Tape-Mechanics Bounce Offers No All-Clear: Monday delivered a mechanical bounce rather than a fundamental all-clear. The S&P 500 added 22 points and the Nasdaq jumped 0.86%, led by a partial rebound in the semiconductor cohort. However, conviction underneath the bounce was exceptionally thin. Volume profiles pointed to systematic short covering and volatility-target rebalancing rather than true dip-buying. Meanwhile, crude experienced a violent whipsaw, spiking to $97.15 on weekend geopolitical strikes before fading back to $94 on de-escalation headlines.
The Fed Setup Just Got Materially Harder: Following Friday’s blowout May jobs report (172k vs 80k consensus) and upward revisions to prior months, the bar for a dovish Fed surprise has effectively collapsed. The CME FedWatch tool has seen a remarkable shift, now pricing in a 58% implied probability of at least one rate hike by December. The upcoming June FOMC meeting will be Chair Kevin Warsh’s first, and the market is bracing for a higher-for-longer reality.
Inflation Data Serves as the Ultimate Gate: With the labor market printing hot, Wednesday’s May CPI release serves as the definitive gate for the FOMC. A hot inflation print on top of the strong jobs number would cement rate hike pricing and force a severe re-rating of long-duration tech. An in-line or softer print remains the only realistic path back to a benign policy outlook.

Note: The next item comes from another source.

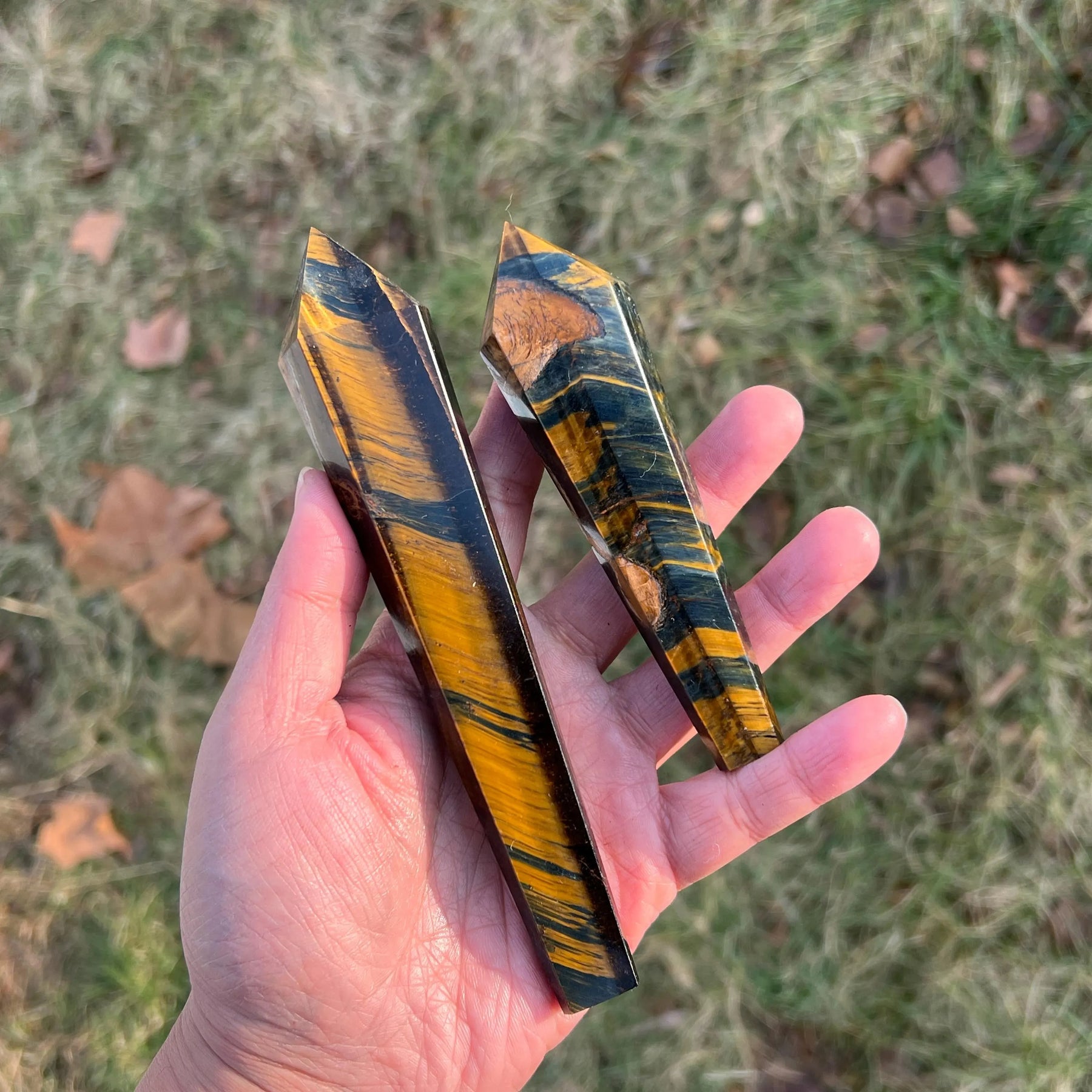 🌟Features:This crafted from natural Blue and Yellow Tiger's Eye—a mineral that blazes with bold, striped hues of deep blue and golden yellow like a sunset over a wild savanna 🌅!Shaped into a sleek wand with an elongated, smooth body and a sharp, focused tip that fits comfortably in the hand,each one carries the stone’s signature "tiger-like" charm: light catches its layered, wavy stripes to create a shimmering, dynamic glow, as if holding a fragment of untamed natural energy.Inspired by the wand’s symbolism of "directed courage"paired with Tiger's Eye’s reputation as a "stone of strength",this design blends wild vibrancy with intentional purpose: the wand’s slender form acts as a channel for focused, confident energy, while the blue-and-yellow stripes evoke the balance of calm and bold action.

The AI Capex Thesis Faces Severe Stress-Testing: Friday’s massive semiconductor rout was initially triggered by Broadcom’s guidance disappointment and subsequently accelerated by the hot payrolls print, which carries higher-borrowing-cost implications for debt-funded data center buildouts. Monday’s light bounce did not invalidate these structural concerns; it merely tested if the dip would be bought. Going forward, the market will heavily penalize any execution weakness in the AI complex.
💰 The Income Generators (High Probability, Cash Flow)
IBKR: Bullish Put Spread targeting a powerful volume-driven technical breakout pushing toward a new major upside target.
🚀 The Growth Seekers (Higher Risk, Max Reward)
DXCM: Bullish Call Spread aggressively adding to an existing winning position following a confirmed technical breakout.
🛡️ The Portfolio Protectors (Hedges & Bearish Bets)
(No trades in this category today)
1. IBKR ($87.35): The Breakout Momentum
We’re betting on: If Interactive Brokers sustains its strong relative strength and volume momentum following its major breakout, the stock will push aggressively toward our $100 objective while remaining above our short put strike.
The Trade: Sell to Open the IBKR Jul 24, 2026 85/80 Put Vertical @ $2.22 Credit.
🟢 BUY TO OPEN Jul 24, 2026 80 Put @ $2.28
🔴 SELL TO OPEN Jul 24, 2026 85 Put @ $4.50
Trade Metrics: POP: 59.01% | Collect $222.00 per contract vs. a Max Risk of $278.00 (1.25:1).
The Setup: Interactive Brokers has triggered a high-conviction breakout above its heavy $80 resistance level, fueled by accelerating volume and exceptional relative strength. The financial sector is catching a robust bid as capital rotates out of rate-sensitive growth into liquid capital markets leaders. With the stock crossing above major moving averages, the technical path is clear for a continuation run toward $100. This short put spread provides a high-probability income structure to capitalize on the new support floor.
Management:
⚠️ Warning: Earnings are scheduled for July 14, potentially requiring active monitoring around the event.
Stop Loss: Buy back the spread at $4.44 (100% of credit received).
Take Profit: Buy back the spread at $1.11 (50% of max gain).
2. DXCM ($76.62): Compounding the Medical Device Winner
We’re betting on: If Dexcom leverages its confirmed relative strength to extend its fresh technical breakout, this long vertical spread will expand rapidly toward our higher upside targets.
The Trade: Buy to Open the DXCM Jul 17, 2026 75/85 Call Vertical @ $3.72 Debit.
🟢 BUY TO OPEN Jul 17, 2026 75 Call @ $5.30
🔴 SELL TO OPEN Jul 17, 2026 85 Call @ $1.58
Trade Metrics: POP: 39.33% | Pay $372.00 per contract vs. a Max Reward of $628.00 (1.7:1).
The Setup: We initially established a bullish position in Dexcom on June 1st anticipating a breakout above $75. That breakout has now fully materialized, backed by confirmed relative strength and expanding volume as the broader market rotates into defensive healthcare growth. This presents a textbook opportunity to add to a winning position and swing for a potential home run as we target the $93.76 level on the upside.
Management:
Stop Loss: Sell the spread at $1.86 (50% loss on premium).
Take Profit: Sell the spread at $6.51 (75% gain on premium).